# The bass are bedding



## Lundy (Apr 5, 2004)

I haven't had much time to spend with the new pond, way too busy still trying to move in this weekend.

My son, Big Joshy, came over today and we went around the bank on one side of the pond and saw 7-10 beds with bass on them. Really cool after 52 years to have my own pond, finally!!


----------



## WillyB (Apr 7, 2004)

Lundy, not at my pond yet. It is spring fed and the water temps are just now reaching 60. The bass, hybrid gills & crappies are really hitting. This is the 3rd year for my pond and I love it. Lots of work but I enjoy every minute of it!!


----------



## Mushijobah (May 4, 2004)

Lundy, where is your pond? Did you build it? if so, a link to the process if you have it?


----------



## Lundy (Apr 5, 2004)

Mushijobah said:


> Lundy, where is your pond? Did you build it? if so, a link to the process if you have it?

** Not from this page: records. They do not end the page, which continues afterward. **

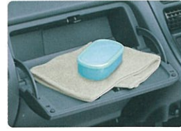
インパネルマルチボックス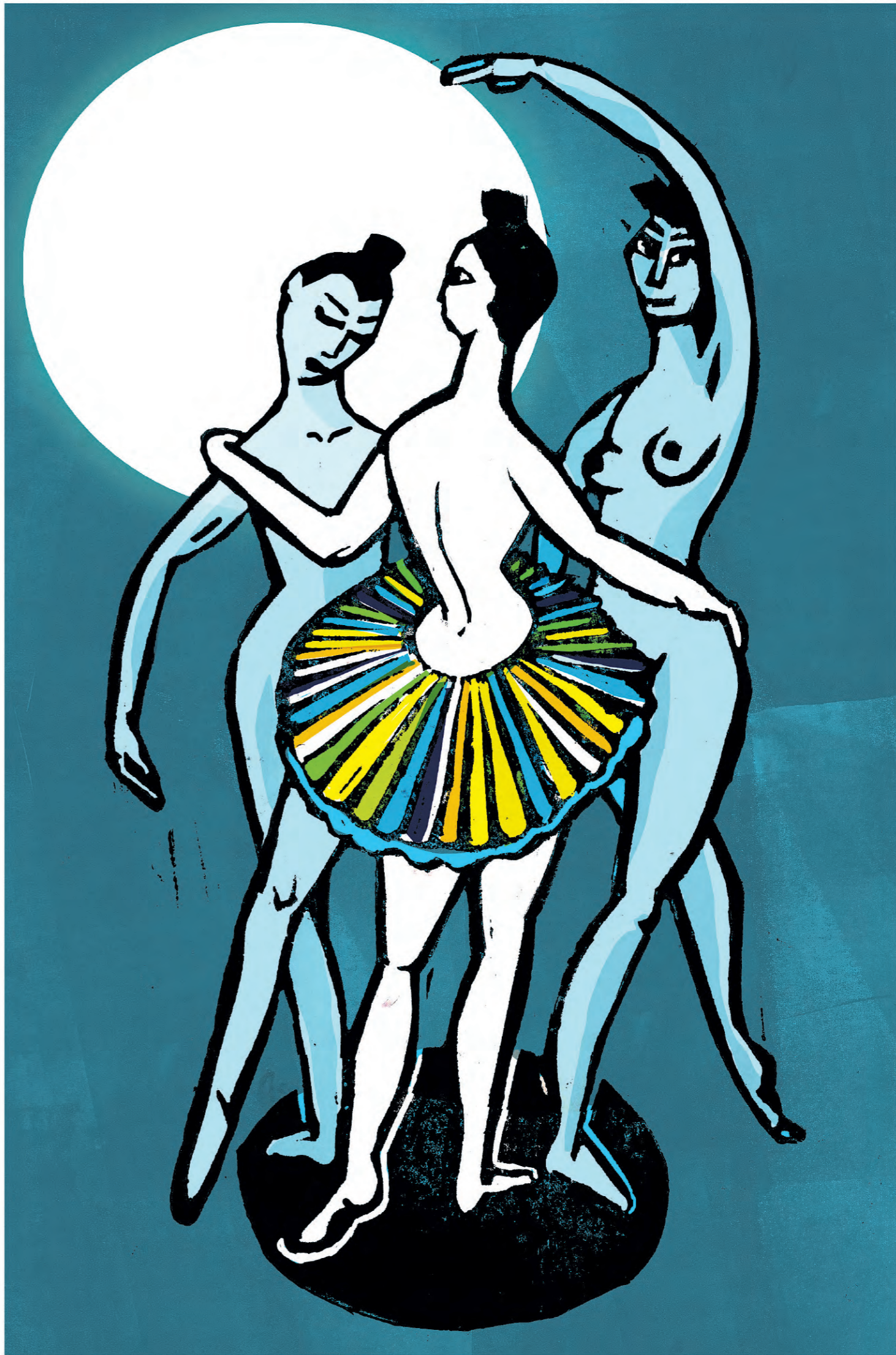
ILLUSTRATIE OLIVIA ETEMA

De organisatie van het cultuurbeleid is doorgeslagen in regelgeving , terwijl flexibiliteit nodig is.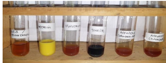
Gambar 1. Skrining Fitokimia Reaksi Warna

flavonoid yang menghasilkan noda berwarna coklat ketika disemprot dengan penampak noda amoniak dan dipertegas dengan visual warna kehijauan ketika diamati pada sinar UV 254 . Hasil skrining fitokimia dengan reaksi warna dan KLT dapat dilihat pada Gambar 1 dan 2.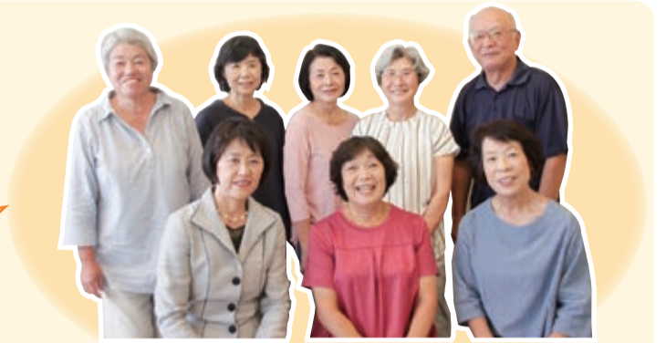
「仏向おしゃべりサロン」で子育てを応援している皆さん

ちょっとした声掛けや気遣いが子育て中の人の気持ちを軽くしたり、ほっとさせたりします。みんなで子育てを応援する、あたたかい地域を広げていきましょう。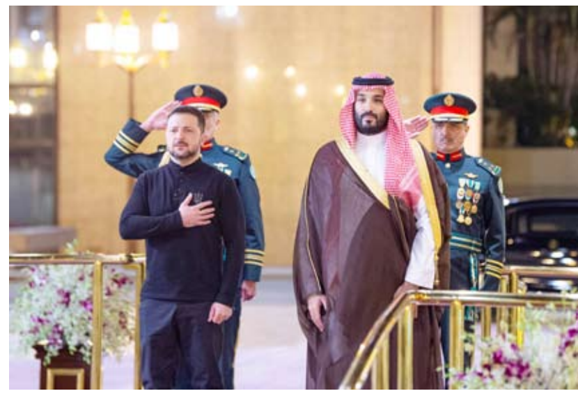
ولي عهد السعودية ورئيس أوكرانيا خلال لقائهما مساء أمس الأول في جدة

بحث ولي العهد السعودي رئيس مجلس الوزراء الأمير محمد بن سلمان أمس الأول مع الرئيس الأوكراني فولوديمير زيلينسكي آخر المستجندات وتطورات الأزمة الأوكرانية، وذلك بقصر السلام في جدة. وقالت وكالة الأنباء السعودية أن ولي العهد أكد حرص المملكة ودعمها لكافة المساعي والجهود الدولية الرامية لحل الأزمة والوصول إلى السلام فيما أعرب الرئيس الأوكراني عن الشكر والتقدير للجهود التي تبذلها المملكة منوهاً بدورها المحوري في منطقة الشرق الأوسط والعالم.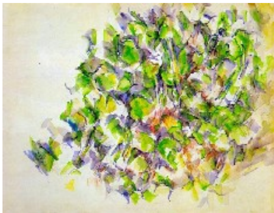
Laub, 1895–1900, Cézanne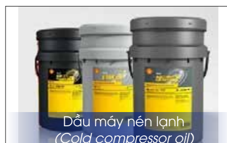
Dầu máy nén lạnh (Cold compressor oil)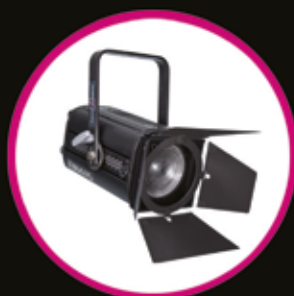
305LF / LPB FRESNEL OU PC LED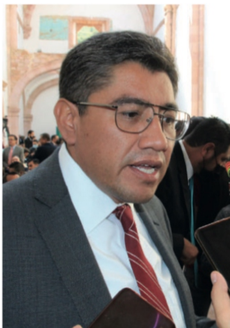
Saúl Monreal Ávila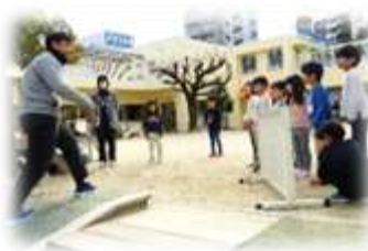
ロープ作戦— うまく引っかかるかな～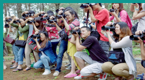
数字媒体艺术专业开展课程实践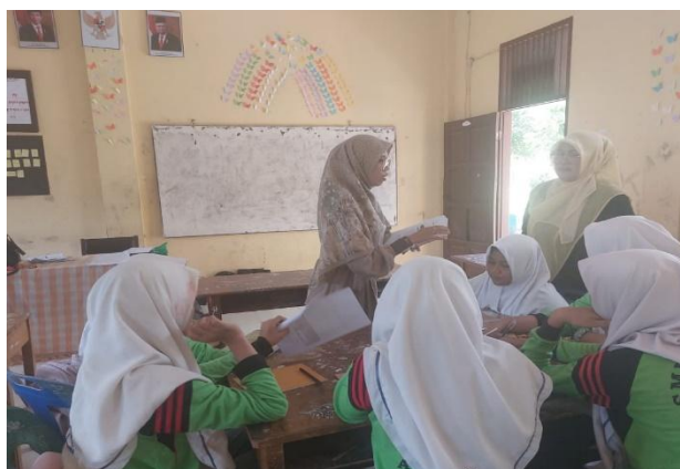
Gambar 7. Tahap tindak lanjut kegiatan pengabdian

Tahap selanjutnya yaitu pendampingan lanjutan. Pada tahap ini dilakukan diskusi terbuka bersama siswa dan guru pembina untuk mengevaluasi manfaat kegiatan, materi yang perlu ditambah, dan kendala yang dihadapi. Memberikan rekomendasi bagi guru dan siswa untuk kegiatan latihan rutin setelah kegiatan pengabdian selesai (Gambar 7).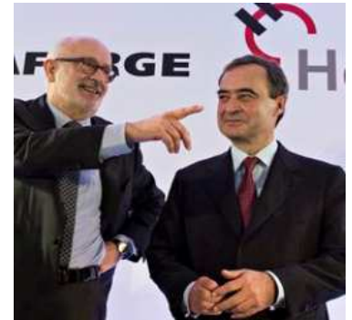
© The Guardian – Fusion Holcim-Lafarge

Durant le deuxième trimestre 2014, la couverture médiatique étrangère en lien avec la Suisse a diminué par rapport au trimestre précédent, atteignant son niveau le plus faible vers la fin du trimestre. La tonalité se révèle en revanche plus positive que durant le premier trimestre 2014. C'est ainsi par exemple que les médias internationaux ont porté un regard positif sur le rôle joué durant la crise ukrainienne par la Suisse en tant que présidente de l'OSCE. En particulier, la rencontre du 7 mai entre le président de la Confédération Didier Burkhalter et le président russe Vladimir Poutine a bénéficié d'un écho médiatique important. L'accord (« Guilty plea ») conclu entre le Credit Suisse et le département de justice des Etats-Unis a en revanche fait l'objet de comptes rendus plus critiques. Le net rejet de l'initiative sur les salaires minimums, la fusion des cimentiers Holcim et Lafarge ainsi qu'un rachat par le groupe pharmaceutique bâlois Novartis dans le domaine oncologique ont en outre suscité un vif intérêt médiatique. La tonalité des comptes rendus publiés sur ces thèmes est restée factuel.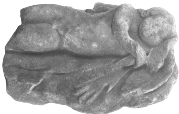
Εικ. 1. ΕΑΜ 7647

No, I didn't build it. It is about 3/4 acre and is in the back yard of the house I just purchased. It is more rectangular than round with a small island and pretty deep water. It has 12-15' in a much of the pond. There are a bunch of big oak trees on the property and the bottom is covered with leaves. There is also quite a bit of algae around the edges and floating in small clumps. 

The pond needs some help for sure. I just acquired a aeration system and hope to get in installed in the next week or so to be step one in the process of trying to manage this pond.

So far,

This house was empty for 12 months and was fished hard by the locals. I think anything caught worth keeping was kept

Good numbers of bass - OK, but seem to small to eat larger bluegill. Probably need thinned out

Bluegill - 5-7" - will be putting in a feeder system. There were 3 dead 10" bluegill in the pool when we bought this house, but we haven't seen any near that size in the pond yet

White crappie - Bad - not sure how many, 9-12"

Catfish - undecided, one 5-6 lb caught, one seen swimming in the shallows last night

White amur - One seen, not sure how many


----------



## Fishman (Apr 5, 2004)

At several ponds I've already seen bluegills making their nest! Been seeing bass nest for a solid 2 weeks down here in Cincinnati. Have also saw crappies on beds at two seperate locataions.


----------